Chess.

The nobleman felt a sudden heaviness tearing at his mind. He gasped, then roared in fury as he felt his tongue thicken and words come unbidden into his mouth.

The first lord smiled at him as cruelly as any cat cornering his prey.

Chess glared into that mocking smile as he struggled against his own muscles. The lesser rings of protection on his fingers smoked, flared into tiny blue flames, and burned away. The searing pain cleared his senses. Desperately, Chess drove his arm up-it moved slowly, as if coming from a great distance-to stare at the one ring still on his hand. It flashed.

Sudden golden radiance swirled in the air over the central well of the High Hall. It spun ever-brighter until the stunned councilors saw it become a large black dragon, vast and scaled, its head like a gigantic horned snake. Mighty wings clapped, once.

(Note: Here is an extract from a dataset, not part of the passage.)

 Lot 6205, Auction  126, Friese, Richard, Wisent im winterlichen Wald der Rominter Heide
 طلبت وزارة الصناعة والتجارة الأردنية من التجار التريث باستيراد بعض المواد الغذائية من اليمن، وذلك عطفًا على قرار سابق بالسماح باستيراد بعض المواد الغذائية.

The wind of that wingbeat smashed many men flat against their benches. The dragon hissed, loud and angry. Acid foamed and bubbled at the edges of its jaws, and the chamber was suddenly full of the eye-watering stink of its breath.

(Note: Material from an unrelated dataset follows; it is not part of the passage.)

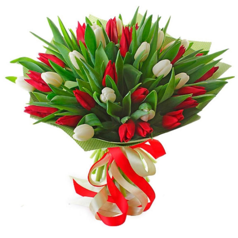 Букет состоит из 18 красных тюльпанов, 17 белых тюльпанов, красивая упаковка, атласная лента.
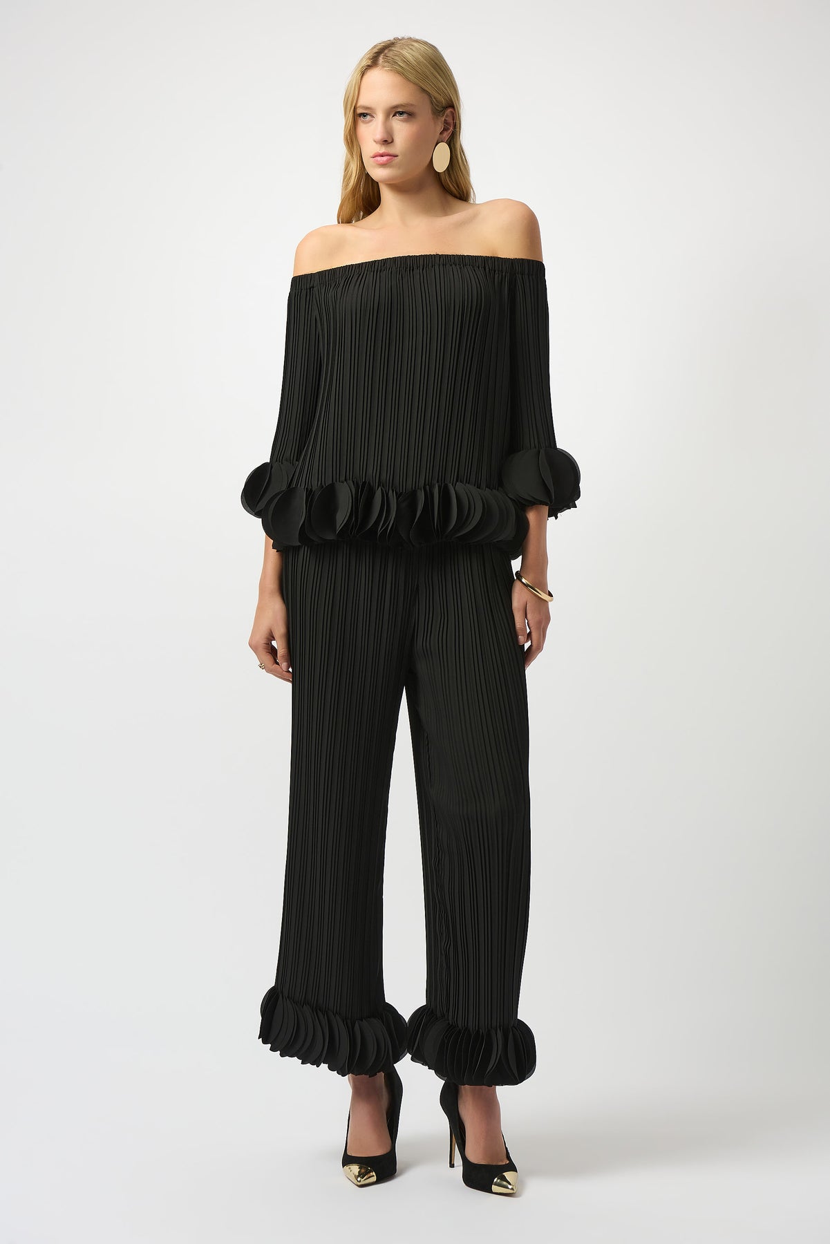 These black pleated pants feature delicate ruffled details and distinctive circle accents along the hems, lending a refined and elegant touch. The elastic waist ensures a comfortable yet flattering fit, while the flowing, lightweight fabric offers effortless movement. Pair them with the matching top for a polished and cohesive ensemble perfect for sophisticated occasions.

Men screamed. The dragon turned its snakelike head, terrible hunger and mirth in its eyes. With its tail, the wyrm casually smashed a councilor and his bench into a bloody heap of pulp and splinters.

That crash was answered with a ringing like angry bells as the tall windows of the chamber shattered-and true nightmare descended on the council.

The dragon whirled, gleaming scales shifting.

Three orbs, black against the bright sunlight, drifted into the chamber through the broken windows. Eyestalks writhed as each dark sphere looked down with a single unwinking, central eye. A large, many-toothed mouth split one sphere in cruel laughter.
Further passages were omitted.